■ Work item: In the entries below, find the line with "После посещения завода", then set it down exactly along with each line after it to the end, skipping any pictures.

[Items listed in a dataset]
---*---

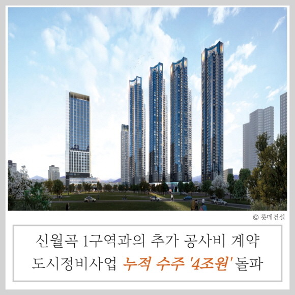 롯데건설이 지난 13일 신월곡1구역 도시 환경 정비사업조합과 추가 공사비 3174억원에 대한 계약을 체결하면서 도시정비사업 누적 수주액 4조 원을 돌파했다.
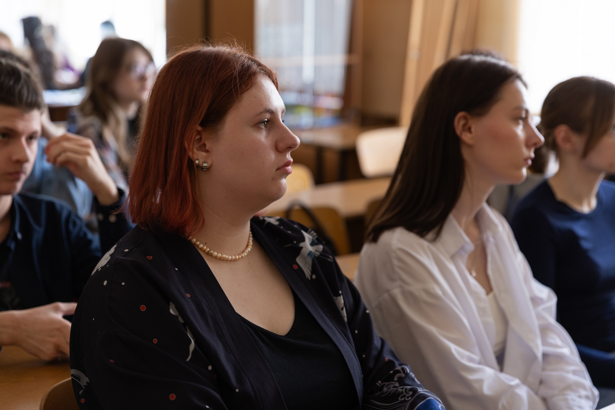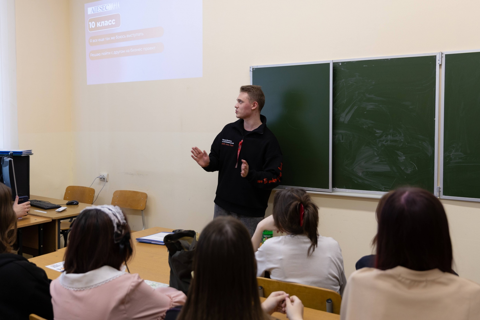Вице-президент департамента маркетинга и связей с общественностью AIESEC Роман Хромов выступил перед студентами с мини-лекцией на тему борьбы со страхом публичных выступлений. Спикер дал практические рекомендации: как справляться с волнением в ситуациях форс-мажора, как общаться с представителями власти, преподавателями и коллективом сверстников, как убеждать аудиторию.
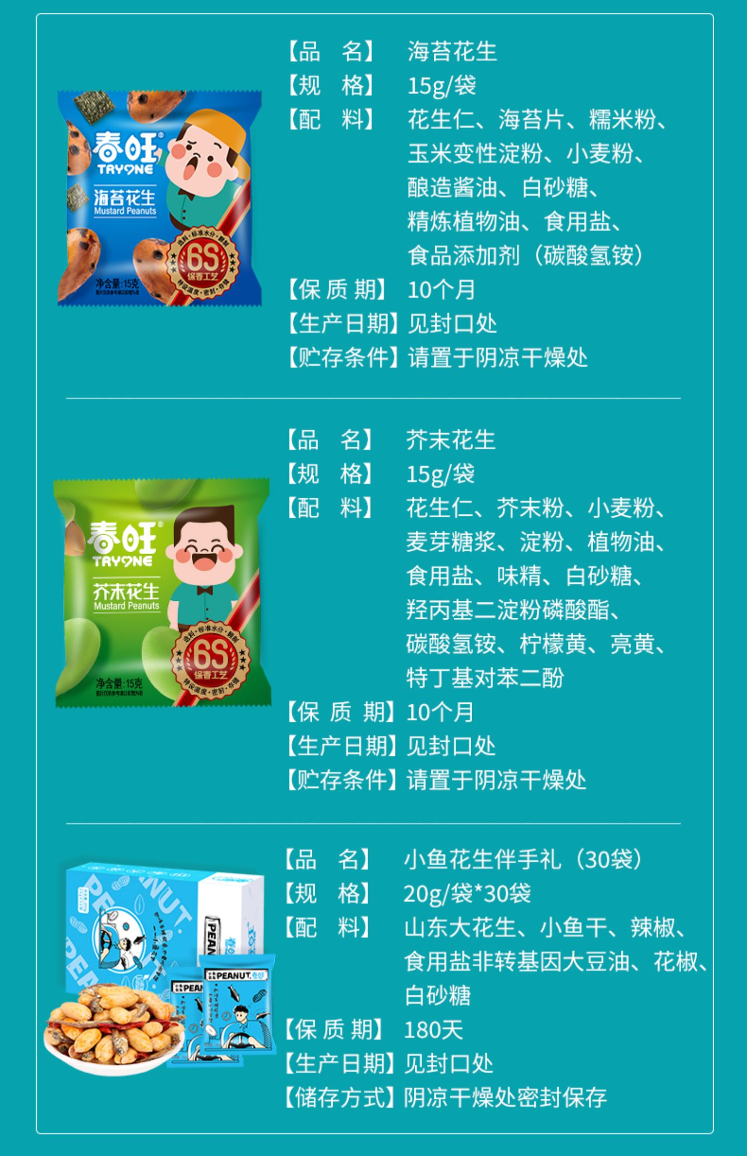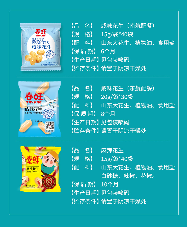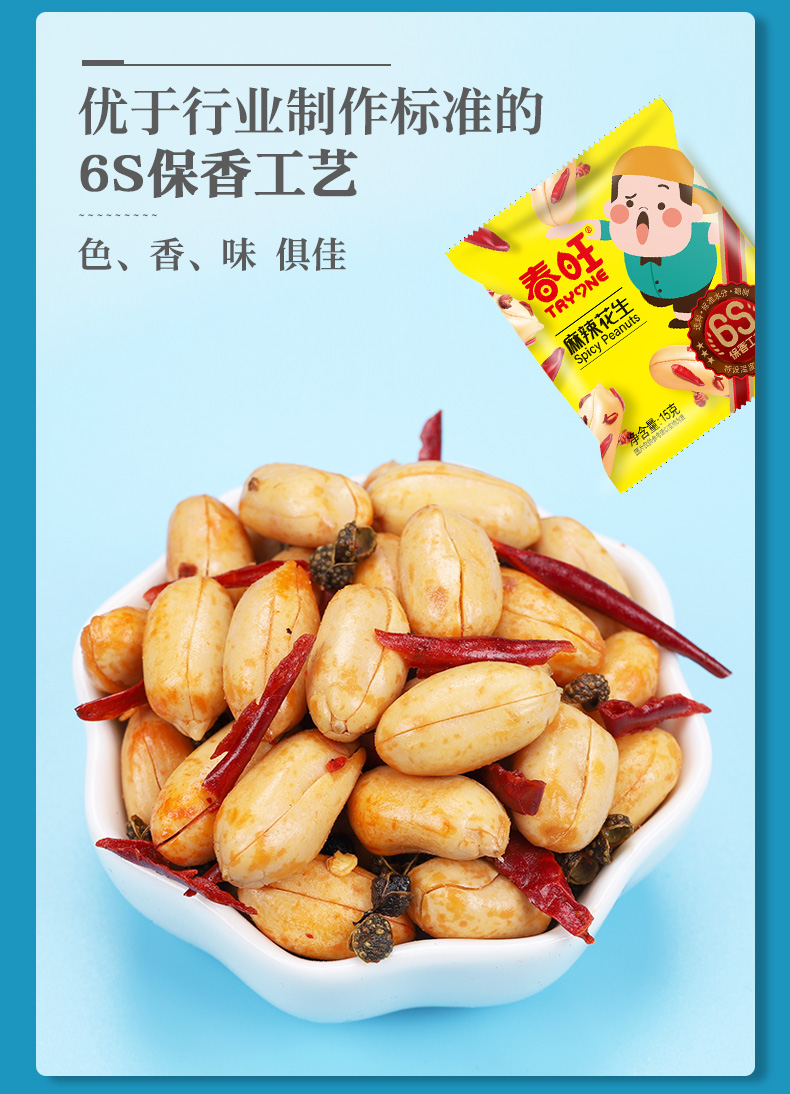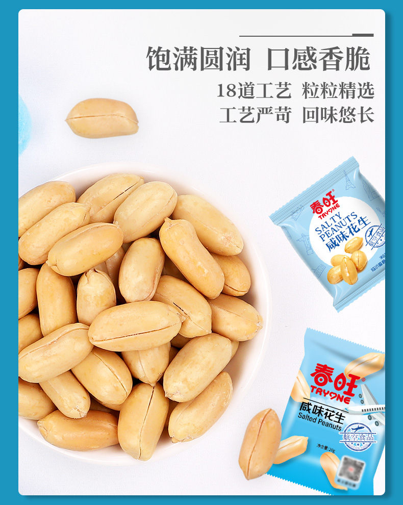 • 商品名称:春旺航空花生 麻辣熟飞机咸味椒盐淮盐花生米下酒菜零食40包袋装
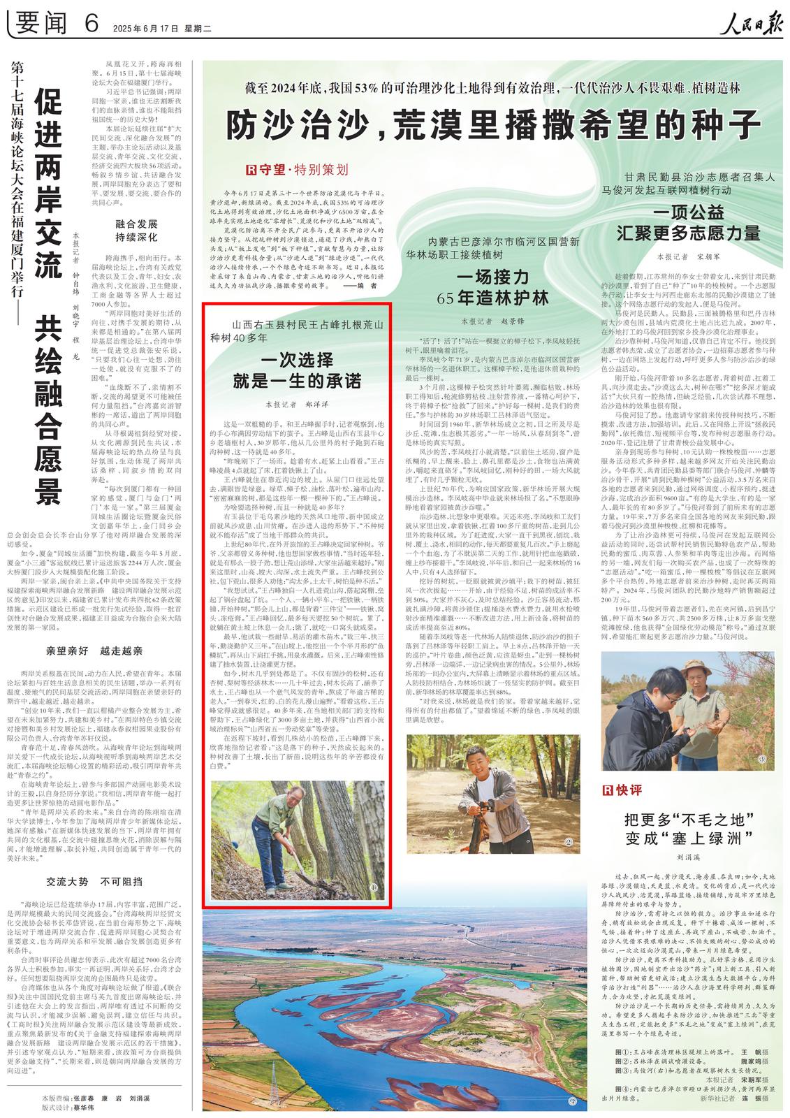 荒漠化防治离不开全民广泛参与,更离不开治沙人的接力坚守。从挖坑种树到沙漠锁边,逼退了沙线,却熬白了头发;从“板上发电”到“板下种植”, 贡献智慧与力量,让防沙治沙更有科技含量;从“沙进人退”到“绿进沙退”,一代代治沙人接续传承,一个个绿色奇迹不断书写。近日,记者采访了来自山西、内蒙古、甘肃三地的治沙人,听他们讲述久久为功征战沙海、播撒希望的故事。
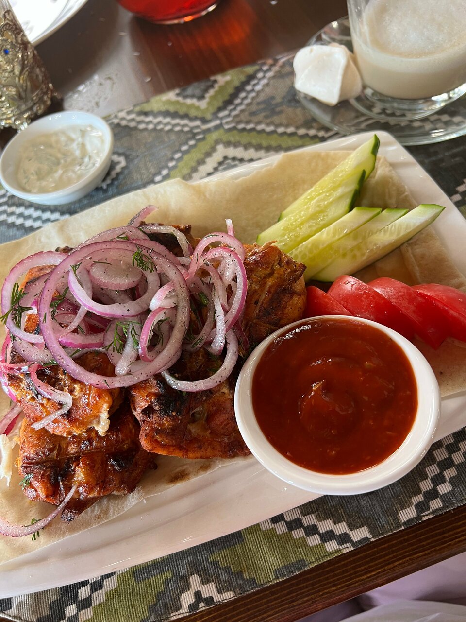 После посещения завода Абрау-Дюрсо решили заехать в данное место пообедать. Аккуратное кафе, вежливый персонал. Еда порадовала всех членов семьи. С выбором места не пропадали, рекомендую!
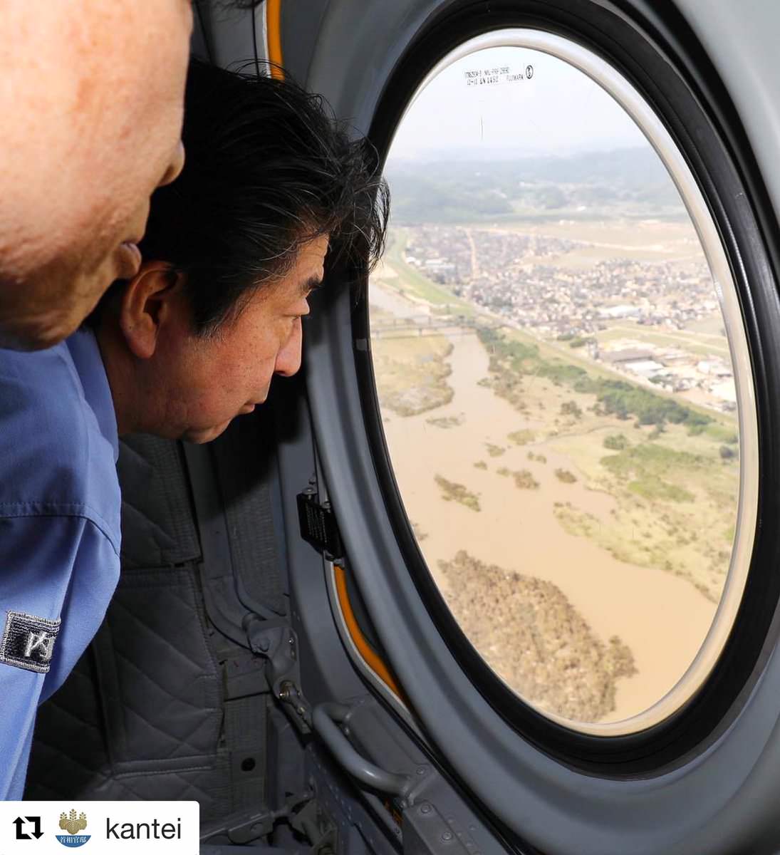 【速報】安倍晋三さん、まさかの上空からの被災地視察wwwwwwwwwwww
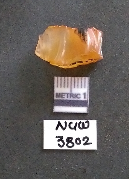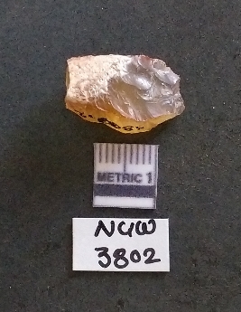 | Description / विवरण | It is a chalcedony flake with a bulb of percussion on the ventral side, cortex on one end. |
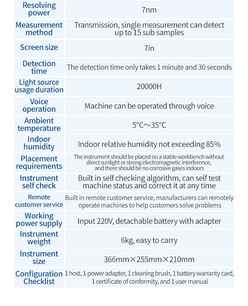 【Introduction】Spectral range: 900-1700nm; Resolution: 7nm; Measurement method: diffuse reflectance, up to 15 sub samples can be detected in a single measurement.

---*---

■ Exercise response:
 После посещения завода Абрау-Дюрсо решили заехать в данное место пообедать. Аккуратное кафе, вежливый персонал. Еда порадовала всех членов семьи. С выбором места не пропадали, рекомендую!
 【速報】安倍晋三さん、まさかの上空からの被災地視察wwwwwwwwwwww
 | Description / विवरण | It is a chalcedony flake with a bulb of percussion on the ventral side, cortex on one end. |
 【Introduction】Spectral range: 900-1700nm; Resolution: 7nm; Measurement method: diffuse reflectance, up to 15 sub samples can be detected in a single measurement.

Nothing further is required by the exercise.